Superintendent of Schools for School District No. 46 Stewart Hercus said he had not yet received a call from Carr to talk about the issue locally but said the issue is on the minds of the school board.

"It is a very timely issue. There was never a decision to put junk food in schools; it just evolved," he said.

He said there are no vending machines offering junk food in local elementary schools, but high schools on the Coast do offer pop, chips, candy and chocolate in their vending machines.

"I think the direction I see us going in is moving to healthier choices in the machines and cafeterias. But we also want to educate the students about making healthy choices so they have that internal control. They can get junk food somewhere else," Hercus said.

He pointed to a pilot program done in West Sechelt Elementary School last year with a grant from the B.C. Children's Hospital.

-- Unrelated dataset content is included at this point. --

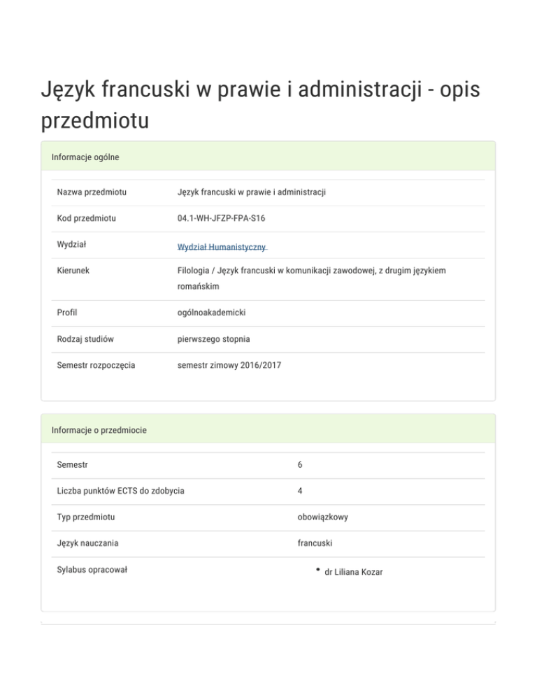 Język francuski w prawie i administracji - opis przedmiotu Informacje ogólne Nazwa przedmiotu Język francuski w prawie i administracji Kod przedmiotu 04.1-WH-JFZP-FPA-S16 Wydział Wydział Humanistyczny Kierunek Filologia / Język francuski w komunikacji zawodowej, z drugim językiem romańskim Profil ogólnoakademicki Rodzaj studiów pierwszego stopnia Semestr rozpoczęcia semestr zimowy 2016/2017 Informacje o przedmiocie Semestr 6 Liczba punktów ECTS do zdobycia 4 Typ przedmiotu obowiązkowy Język nauczania francuski Sylabus opracował dr Liliana Kozar Formy zajęć Forma Liczba godzin w Liczba godzin w Liczba godzin w Liczba godzin w Forma zajęć semestrze tygodniu semestrze tygodniu zaliczenia (stacjonarne) (stacjonarne) (niestacjonarne) (niestacjonarne) 30 2 - - Ćwiczenia Zaliczenie na ocenę Cel przedmiotu Celem przedmiotu jest doskonalenie praktycznej znajomości języka francuskiego ukierunkowanego na cele zawodowe, głównie w zakresie specjalistycznej leksyki (również frazeologii i konstrukcji leksykalno-gramatycznych), typowej dla dziedziny prawa i administracji. Student rozwija umiejętność rozumienia i analizy tekstów prawnych, prawniczych i administracyjnych, poznaje specjalistyczną terminologię, charakterystyczną stylistykę oraz francuskie realia z zakresu dziedziny, zaznajamia się ze specyfiką tłumaczeń prawnych i prawniczych. Wymagania wstępne Znajomość języka francuskiego na poziomie co najmniej B2. Zakres tematyczny Praca z tekstem prawnym i administracyjnym, głównie pisanym, o zróżnicowanej tematyce i problematyce (rozumienie tekstu, interpretacja tekstu, tłumaczenie, praca z tekstem paralelnym): korespondencja urzędowa (prośba, decyzja, odwołanie od decyzji, skarga, zaświadczenie, wezwanie, reklamacja, odpowiedź na reklamację, itp.) dokumenty administracyjne (akt urodzenia, akt małżeństwa, akt zgonu, zaświadczenie o niekaralności, świadectwo maturalne, dyplomy, itp.) wzory umów prawnych (umowa najmu, umowa kupna / sprzedaży, umowa o pracę, umowa ubezpieczenia, itp.) sądownictwo (sądy; le tribunal de police, le tribunal correctionnel, la cour d’assises ; sędziowie, proces / rozprawa sądowa, biegły sadowy, itp.) wzory pism procesowych (pozew sądowy, pozew rozwodowy, pozew o odszkodowanie, itp.) prawo pracy (umowa o pracę, wypowiedzenie, rozwiązanie umowy o pracę, itp) prawo karne (faits divers, wykroczenie, przestępstwo, zbrodnia, podejrzany, osadzony, śledztwo, strony postępowania, wyrok, itp.) prawo handlowe i kodeks postępowania administracyjnego (prawa konsumenta, instytucja rzecznika praw konsumenta, rzecznika praw ubezpieczonych, itp.) prawo budowlane (pozwolenie na budowę, samowola budowlana, zgoda na przebudowę / modernizację, itp.) konstytucja Francji i RP (analiza porównawcza wybranych fragmentów) ubezpieczenia: ubezpieczenia majątkowe (ubezpieczenie domu, OC, AC, od pożaru, itp.) i ubezpieczenia osobowe (chorobowe, wypadkowe, na życie, itp.) Metody kształcenia Lektura, analiza i interpretacja tekstów źródłowych, ćwiczenia leksykalno-gramatyczne, tłumaczenia ustne i pisemne, praca z tekstem paralelnym, ćwiczenia analityczne aktywizujące: burza mózgów, inscenizacja, metoda sytuacyjna, metoda kontrastu / zestawienia. Praca indywidualna, w parach i w grupach. Efekty kształcenia i metody weryfikacji osiągania efektów kształcenia Opis efektu Student opanował podstawową Symbole efektów KN1_W08 Metody weryfikacji aktywność w trakcie wiedzę na temat metod krytycznej zajęć analizy i interpretacji tekstów obserwacje i ocena obcojęzycznych. umiejętności Forma zajęć Ćwiczenia praktycznych studenta odpowiedź ustna praca pisemna Zna i rozumie podstawowe pojęcia i KN1_W09 aktywność w trakcie zasady z zakresu ochrony prawa zajęć autorskiego. obserwacja i ocena aktywności na zajęciach dyskusja Ćwiczenia Opis efektu Symbole efektów Ma podstawową wiedzę o formach Metody weryfikacji KN1_W12 Forma zajęć aktywność w trakcie organizacyjno-prawnych zajęć przedsiębiorstw polskich i odpowiedź ustna francuskich. dyskusja Ćwiczenia Warunki zaliczenia Zaliczenie na ocenę na podstawie: - aktywnego uczestnictwa w zajęciach - 20%, - co najmniej jednej pracy projektowej (w grupach) - 30% - bieżąca kontrola wiedzy w zakresie przerobionego materiału, w formie 2-3 sprawdzianów bądź testów - 50%. Obciążenie pracą Obciążenie pracą Studia Studia niestacjonarne stacjonarne (w godz.) (w godz.) Godziny kontaktowe (udział w zajęciach; konsultacjach; egzaminie, itp.) 40 - Samodzielna praca studenta (przygotowanie do: zajęć, kolokwium, 60 - Łącznie 100 - Punkty ECTS Studia Studia niestacjonarne egzaminu; studiowanie literatury przygotowanie: pracy pisemnej, projektu, prezentacji, raportu, wystąpienia; itp.) stacjonarne Zajęcia z udziałem nauczyciela akademickiego 2 - Zajęcia bez udziału nauczyciela akademickiego 2 - Łącznie 4 - Literatura podstawowa 1. Dollez C., S. Pons, (2013). Alter Ego3+. Méthode de français. Paris. 2. Penfornis J. L., (1999). Français du droit: Affaires, Europe, Administration, Justice, Travail, Contrats. Paris. 3. Soignet, M., (2003), Français juridique. Paris. 4. Machowska, A.(2003). Słownik terminologii prawniczej, polsko-francuski.Bydgoszcz-Kraków: Oficyna Wydawnicza Branta. 5. Gallerne J. M., (2014), Français langue juridique. Niveau avancé, Poznań. 6. Bassi C., A.M. Sainlos, (2005), Administration. com, Paris. 7. Roland E., (1992), Vocabulaire : 350 exercices, textes et glossaires : niveau avancé, Paris. 8. Barféty M., (2007), Compréhension orale : niveau 3, Paris. 9. Barféty M., (2010), Compréhension orale : niveau 4, Paris. 10. http://www.documentissime.fr 11. http://www.wzory.positor.pl 12. http://dokumenty.nf.pl Literatura uzupełniająca 1. Bem M., M. Gebler, (2011), Słownik terminologii prawniczej francusko-polski, polsko-francuski, Warszwa. 2. Pieńkos J., red., (1987), Słownik prawniczy polsko-francuski, Wroc

"The staff there have worked on developing a healthy lifestyles curriculum, which is in place at that school," said Hercus.

Caroline Spence, principal at the school, said the Healthy Living Program has seen great success in her school.

"We've noticed a change in what the kids are bringing to schools in their lunches, and overall fitness levels have increased," said Spence.

The pilot program has a classroom nutrition component and a physical education component where older students are matched with younger students to teach them games and play together in the gym or outside.

"Through the grant from B.C. Children's Hospital, we were able to buy a lot of new gym equipment that we now get to keep," said Spence.

She said teachers at her school are finalizing a report about the program and its success, which will be handed over to the hospital that officially owns the rights to the program.

"We hope this is something that can be funded and implemented district wide," Hercus said.

He noted revenues from vending machines in high schools go toward funding sports programs and field trips in the respective schools.